Celui, irrésistible, échappé du monde fantasque (et ô combien rafraîchissant) des lutins mutins de Mammame de Jean-Claude Gallotta. Une sorte de bagarre au ralenti, de duel de western fantasmé, où le costaud et le tout maigre s'affrontent dans le rire. Plus loin, une dernière confrontration: celle en ombres chinoises, du grand et de la petite, à nouveau sur une chorégraphie imaginée par Jean-Christophe Maillot. Et si cette fois, c'est l'enfant qui vainc, c'est au prix d'une danse que l'on sent ardue et complexe, derrière son apparente fluidité.

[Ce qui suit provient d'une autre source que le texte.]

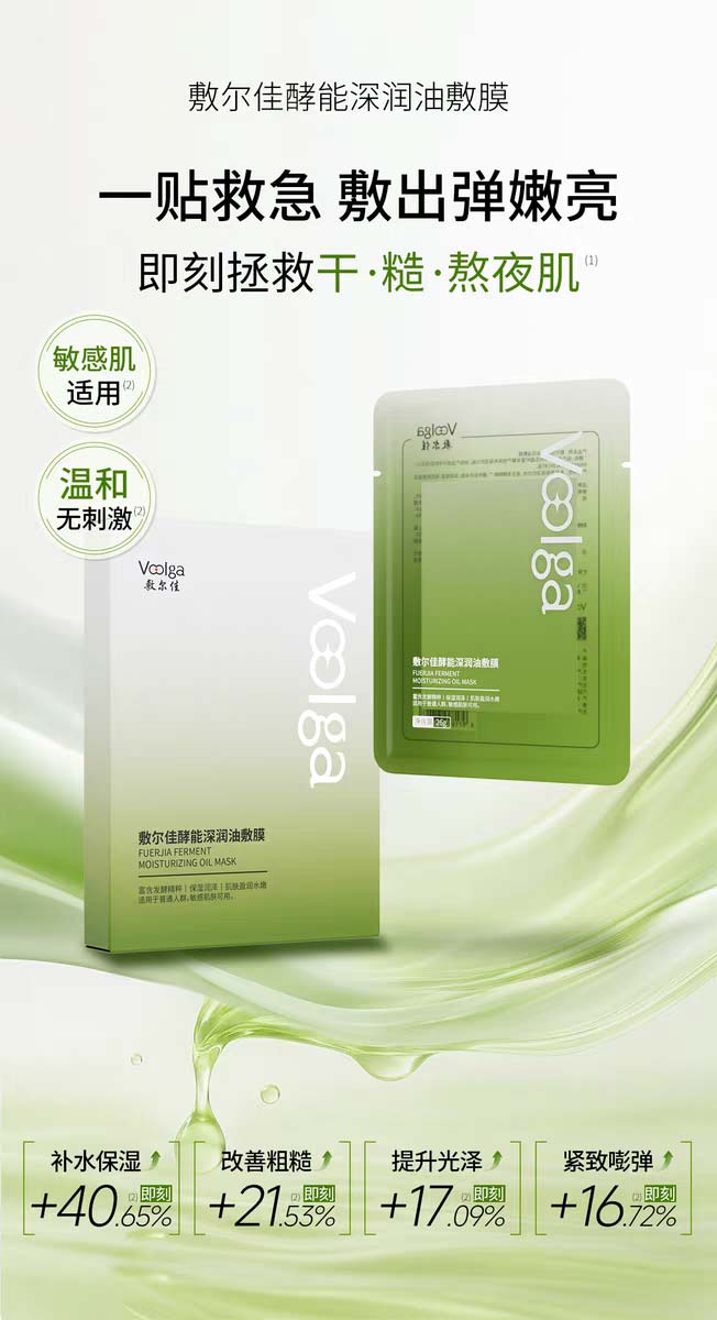 酵能深润油敷膜打破 “以油养肤 = 油腻闷痘” 的刻板印象。其核心是高浓度发酵产物(乳酸杆菌、二裂酵母、大米发酵产物):乳酸杆菌维稳肌肤状态,二裂酵母修护屏障,大米发酵产物深度保湿;再通过双层卵磷脂微乳化技术,将油相拆分为微米级颗粒,搭配 141 倍载液量的日本进口雪纤绒膜布,实现 “久敷不洗” 的清爽体验。熬夜后使用,既能通过发酵产物舒缓泛红,又能靠微乳化油脂深层滋养,敏感肌也能安心享受 “以油养肤”。

Surgit un animal. Ou bien est-ce un homme? Un peu des deux. Un très beau Faune, en tout cas, écrit par Michel Kelemenis qui en tire, sur l'incomparable partition de Debussy, une animalité plus sereine et majestueuse que brutale. Sérénité, encore et beauté confondante avec l'extrait de Vers Un Pays Sage de Jean Christophe Maillot. Elégante et limpide, aérienne et épurée ; faussement évidente, vraiment délicate, la pièce méritait d'être servie entre autres par les danseurs pros de la Compagnie. Et elle le fut bien.

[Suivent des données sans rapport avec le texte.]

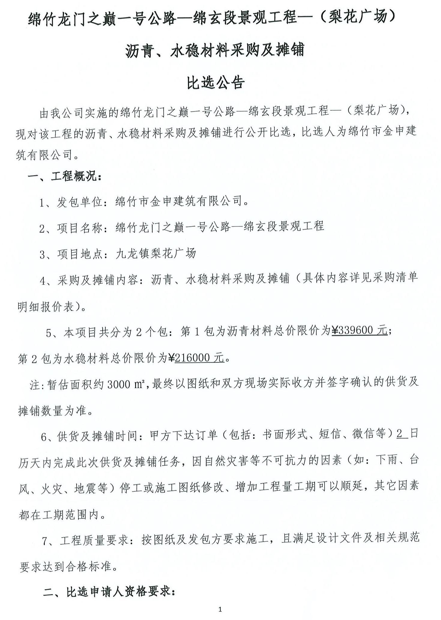龍門之巔一號公路綿玄段(梨花廣場)瀝青、水穩(wěn)比選公告

Tout comme, un pétillant trio de minots, réussit à se tirer de la mécanique diabolique tissée par Angelin Preljocaj pour Marché Noir. Un extrait jubilatoire tout en saccades et en élipses musicales où les déplacements, au millimètre, tiennent du casse-tête chinois.

Enfin, vendredi (samedi c'est celle d'Abou Lagraa qui conclue la soirée), la pièce de Jérôme Bel, The Show must Go On, est venue jouer les épilogues de ce panorama de la création contemporaine. Déroutante, cette proposition. Sur trois morceaux - Let's Dance de Bowie, I like to Move It de Reel to Real et Every Breath you Take de The Police - le chorégraphe jongle avec l'immobilité (et la frustration qui en découle, donc) et un mouvement éffréné répété jusqu'à l'absurde, le trouble...Parce que là, en habits de ville, les danseurs embringués dans l'art (provoc et manipulateurs) de Bel nous tendent un miroir. Face à nous, ce reflet incisif nous renvoie à notre condition de prisonniers d'une inéluctable consommation de masse qui n'épargne en rien la culture."

Caroline Bonnefoy
 

LA MARSEILLAISE
La famille a vingt ans

"Qu'ils aient 10 ou 30 ans, ils frappent tous par leur sérieux, leur engagement, leur passion partagée pour la danse, leur cohésion autour de leur art, du groupe et de Josette, leur professionnalisme et leur enthousiasme. La maturation a été lente, progressive mais continue, surprenant les détracteurs qui ne voyaient encore il y a peu qu'une juxtaposition de styles, là où l'écriture contemporaine s'était épurée, qu'elle avait pris le pas sur le kaléidoscope des débuts, sans pour autant n'en rien renier."